Muhtemelen Çavuşoğlu, Türkiye'nin diplomatik bir zafer elde ettiğini ima eden bir açıklama yapacak bugün görüşme sonrası. Pompeo bazı sözler vermiş olsa da, bunun olabilirliğini gözönünde tutmak zorundayız. Çünkü, ABD'nin ilk hedefi Türkiye'yi mümkün olabildiğince oyalamak. Seçim öncesinde Türk siyasetçilerine meydanlarda kullanabileceği argümanlar verecekmiş gibi yapıp tansiyonu düşürmek, bu oyalama yöntemlerinden biri.

* * *

Trump seçildikten sonra, kendisinden önceki başkanlardan farklı yollar izliyor. Ama birçok konuda dikiş tutturamadığını, ABD sistemini aşamadığını hepimiz görüyoruz. Trump'un bugüne kadar elde ettiği tek başarı, Ortadoğu ülkelerine yüklü miktarda silah ve uçak satarak ABD ekonomisine can suyu katmak oldu. Siyasi olarak elde ettiği hiç bir başarı yok. Hatta Ortadoğu'daki sürecin nasıl yürüyeceğine dair, Trump'un söz hakkının olmadığını, olayın tamamen Pentagon'un inisiyatifinde yürüdüğünü bir kez daha görmüş olduk.

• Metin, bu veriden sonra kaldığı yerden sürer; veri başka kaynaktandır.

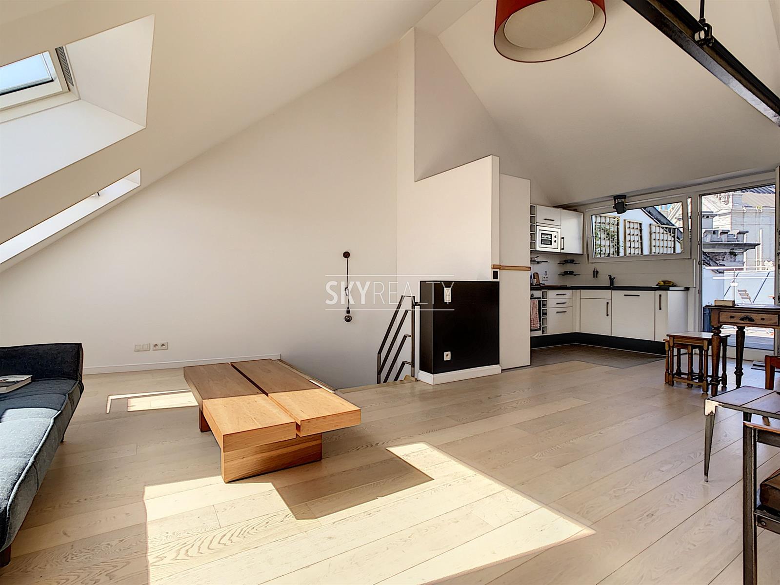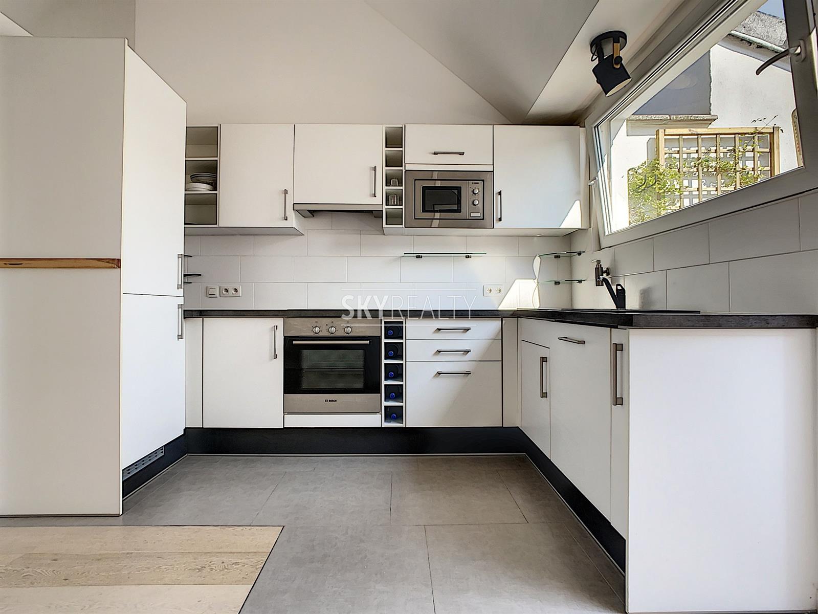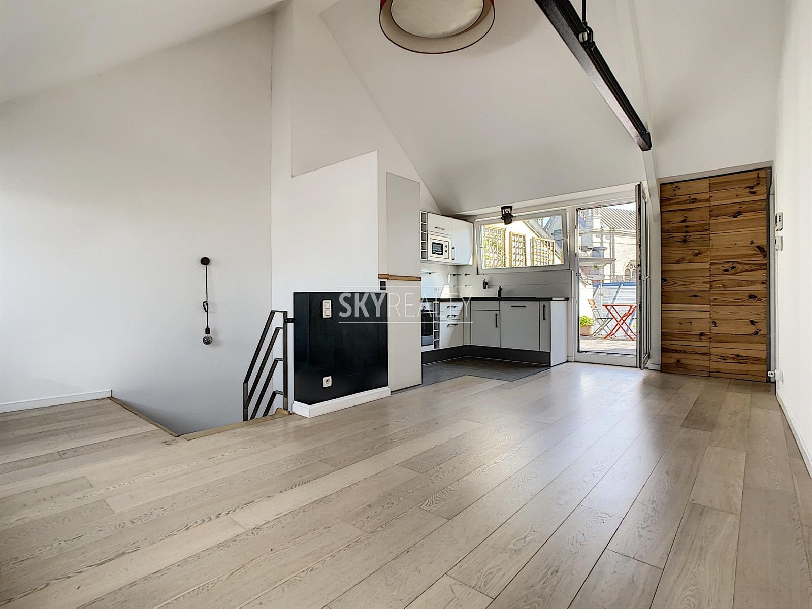 *** VENDU *** RUE SAINTE CATHERINE, À 20M DE LA PLACE DU MÊME NOM: Nous vous présentons en exclusivité ce splendide duplex penthouse (2 CH / 1 SDB / 1 SDD) de ± 110 m² (+ terrasse de 15 m²) au 4e et 5e étage (avec ascenseur) d'un petit immeuble complètement remis à neuf en 2015. Il offre: 4e étage: un hall d'entrée, une chambre à l'arrière (12 m²) avec une salle de bain en suite (bain, lavabo, radiateur porte-serviettes), une chambre en façade avant de 17,5 m² (possibilité d'en faire 2 chambres séparées), une salle de douche (douche, lavabo, radiateur porte-serviettes), une toilette séparée; 5e étage: un living traversant (belle luminosité) s'ouvrant vers une agréable terrasse, une cuisine ouverte super équipée (réfrigérateur-surgélateur, taque vitro-céramique, hotte avec extraction, lave-vaisselle, four et micro-ondes), une buanderie (option 2e toilette possible); en sous-sol: un espace pour les vélos, une grande cave avec prise de courant (recharge vélo électrique ok). Double vitrage, visiophone à chaque étage, beau parquet en chêne, électricité en conformité. Un appartement ne nécessitant aucun travaux, dans lequel l’emménagement peut être immédiat, parfait pour un célibataire, un jeune couple ou pour les investisseurs. Une petite copropriété bien entretenue de seulement 9 unités. PEB: C- ! Faible R.C./P.I. (seulement 551 € / 514 € !). Immeuble raccordé à la fibre optique Proximus ! Faire offre à partir de 450.000 €.

ABD'de, Pentagon sıcak bölgelerle ilgili kararlarını alır ve uygular, siyasetçiler de bunun halkla ilişkiler bölümünü halleder... ABD Başkanları da dünyayı yönettiğini zanneder. Tüm bunlara rağmen "Hayır ben yöneteceğim" diyenlerin akıbetini biliyoruz. Vietnam savaşına karşı çıkan Kennedy'nin akıbeti, CIA-Pentagon dışında bir yol izlemeye çalışan Clinton'un ortalığa dökülen Monica Lewinsky macerası gibi.
Pompeo, böyle bir örgünün içerisinden çıkıp Dışişleri Bakanı koltuğuna oturdu. Eski bir asker ve Pentagon'un yapısını çok iyi biliyor. Soğuk savaş döneminden bu yana da CIA ile içiçe çalışıyor. CIA'nın Afganistan'da organize ettiği El Kaide'nin perde arkasını da bilen biri. 

* * *

Pompeo'nun Dışişleri Bakanlığı'ndan önce bir süre CIA'nın başında oturmuş olması ayrı bir avantaj onun için. Çünkü, özellikle Ortadoğu'da kilit ülkelerle ilgili yüksek güvenlikli dosyalara ulaşma şansı da oldu. Daha doğrusu, bu ülkelerde çok önceden bırakılan "yumurta"lardan çıkan "civcivlerin" bugün ne konumda olduğunu, muhataplarının kimlerle ne tür "karmaşık" ilişkiler içerisinde bulunduğunu ayrıntılarıyla biliyor.
"ABD cihadı" yapan örgütleri de, karşılarındaki grupların içindeki "bizim adamlar"ı da iyi tanıdı. 
ABD'nin, Ortadoğu'da "Siyasal İslamcıların" dışındaki tüm terör örgütlerini partner olarak kabul etmesinden şikayetçi değil Pompeo ve onu buraya kadar tırmandıran ekip. Trump'a rağmen, Ortadoğu'da Obama döneminde başlatılan süreç hızla gelişiyor. Pompeo, Müslüman Kardeşler'i terörist örgütler listesine almak dahil birçok "radikal" adım atma yanlısı. Bu konuda Trump ve Pentagon'la aynı fikirleri taşıyorlar. CIA ise "bizim çocuklar" dediği ekibi, el altından kullanmaya devam edecek. Onların terörist ilan edilmesi, CIA'nın kullanmasına engel değil. Taa ki, Henry Kissinger ekibi "yeter" diyene kadar...

* * *

Pompeo, CIA direktörü olarak İran'a karşı örtülü operasyonu yürütecek ekibin başına Ayetullah Mike'yi getirmişti. Müslüman olduğunu iddia edip, namaz kılarken görüntüler verdiği için "Ayetullah" denilen işkenceci Mike, İran'da bir muhalif ayaklanma dalgası estirerek ilk testini yaptı. Eğer ABD İran'dan "büyük haraç" alamazsa, Ayetullah Mike'nin ekibi ikinci dalgayı oluşturacak. Coğrafi değil ekonomik tavizler vermediği taktirde bu dalgalar ardı ardına devam edecek. Irak'taki Şiilerin İran karşıtı lideri Mukteda Sadr'ın seçimlerden güçlü çıkması da İran'a dönük önemli bir mesaj aslında.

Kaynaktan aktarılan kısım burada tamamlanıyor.